=== THE PROBLEM ===
What's needed is an exact copy of the lines from the one that contains "จดหมายข่าว สพม. กลุ่มอำนวยการ" to the end of the data below, leaving the pictures out.

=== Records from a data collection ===

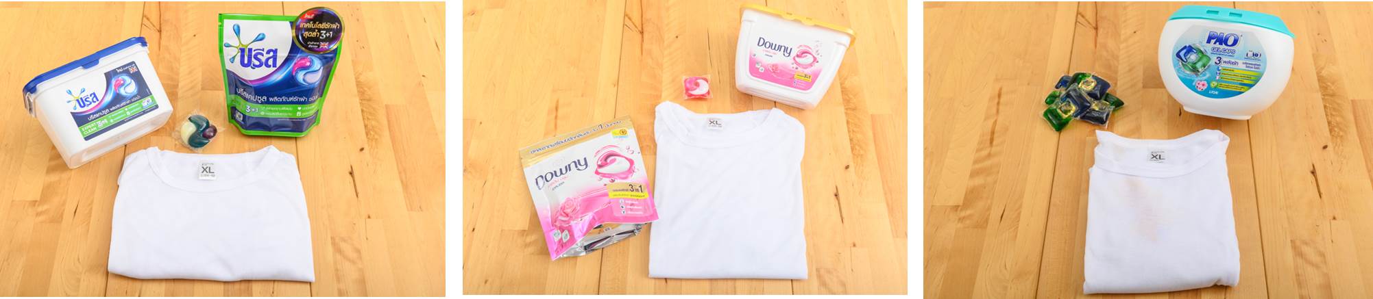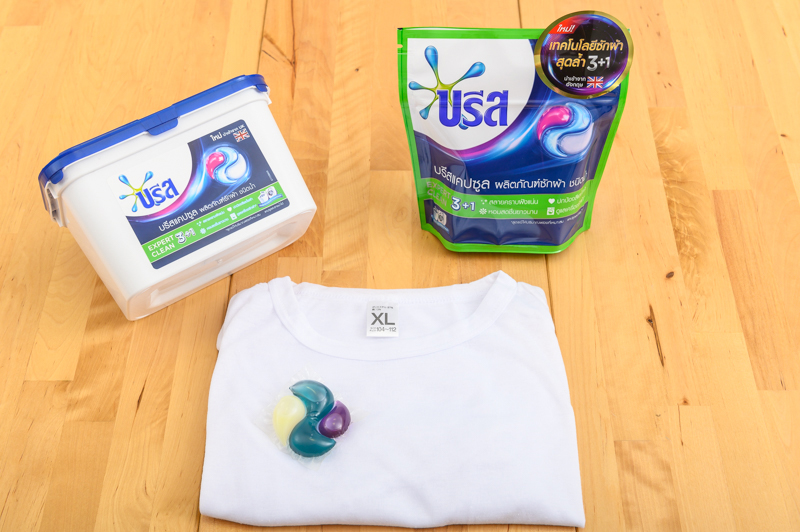 เมื่อได้ลองใช้กันมาแบบยาวๆ จนเริ่มติดใจแคปซูลซักผ้า ทีมงานสนุกก็เลยขอท้าพิสูจน์แคปซูลซักผ้า 3 แบรนด์กันแบบคราบต่อคราบ ชิ้นต่อชิ้น ว่าตัวไหนเด็ดสุดว่าแคปซูลซักผ้าตัวไหนจะกำจัดคราบบนผ้าขาวได้สะอาดกว่ากัน โดยในการพิสูจน์เราลองหยิบจับซอสปรุงรส ซีอิ้วขาว และน้ำอัดลมมาเทรวมกัน แล้วละเลงลงบนผ้าขาว
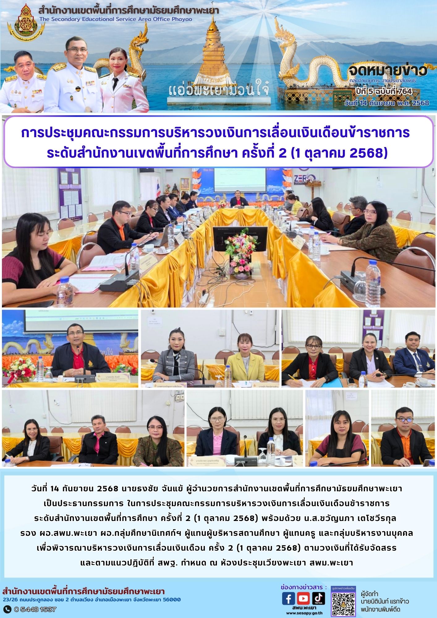 จดหมายข่าว สพม. กลุ่มอำนวยการ งานประชาสัมพันธ์ ปีที่ 5 ฉบับที่ 764 : 14 กันยายน 2568 15 กันยายน 202515 กันยายน 2025
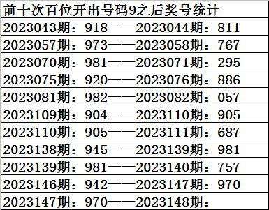 二、百位分析:上期开出号码9,前10次号码9出现之后下期分别开出号码:8728096979,其中号码大小比为8:2,大号表现活跃;奇偶比为5:5,相等;012路比为5:2:3,0路号码表现活跃。本期参考号码:6。
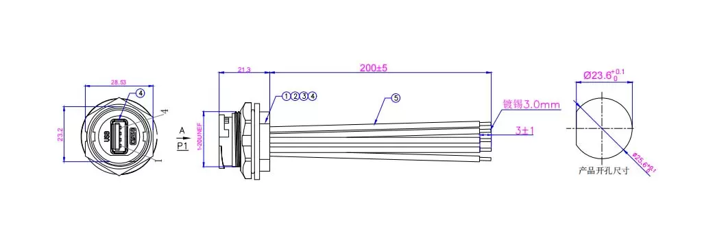 | E16 USB-гнездо с задним креплением и проводом (байонет) | USB3.0 | E16B-FU3-PWF-0.2PV |
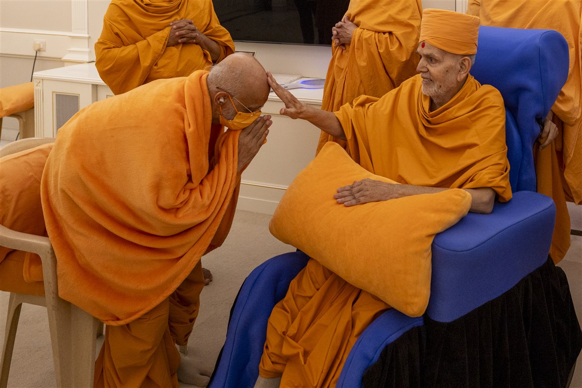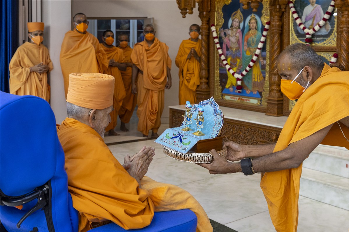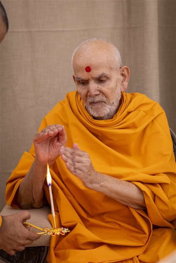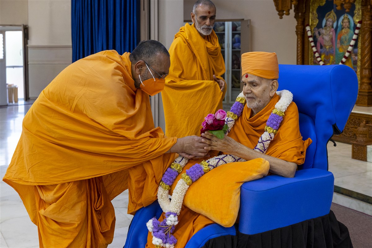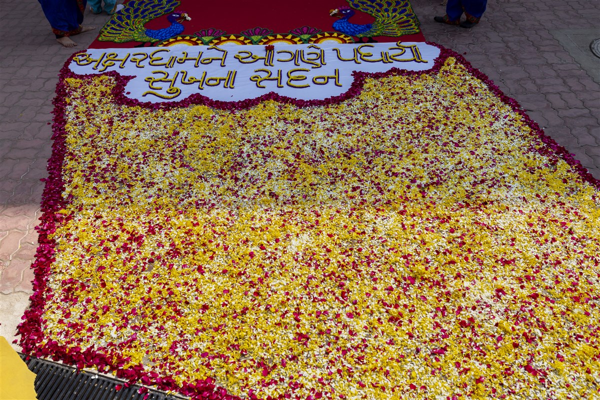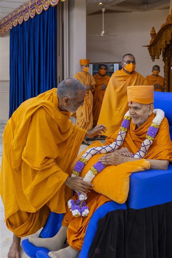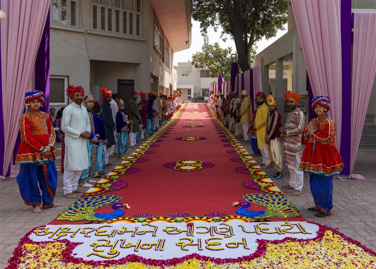 Param Pujya Mahant Swami Maharaj arrives at Swaminarayan Akshardham, Gandhinagar

=== RESULT OF THIS EXERCISE ===
 จดหมายข่าว สพม. กลุ่มอำนวยการ งานประชาสัมพันธ์ ปีที่ 5 ฉบับที่ 764 : 14 กันยายน 2568 15 กันยายน 202515 กันยายน 2025
 二、百位分析:上期开出号码9,前10次号码9出现之后下期分别开出号码:8728096979,其中号码大小比为8:2,大号表现活跃;奇偶比为5:5,相等;012路比为5:2:3,0路号码表现活跃。本期参考号码:6。
 | E16 USB-гнездо с задним креплением и проводом (байонет) | USB3.0 | E16B-FU3-PWF-0.2PV |
 Param Pujya Mahant Swami Maharaj arrives at Swaminarayan Akshardham, Gandhinagar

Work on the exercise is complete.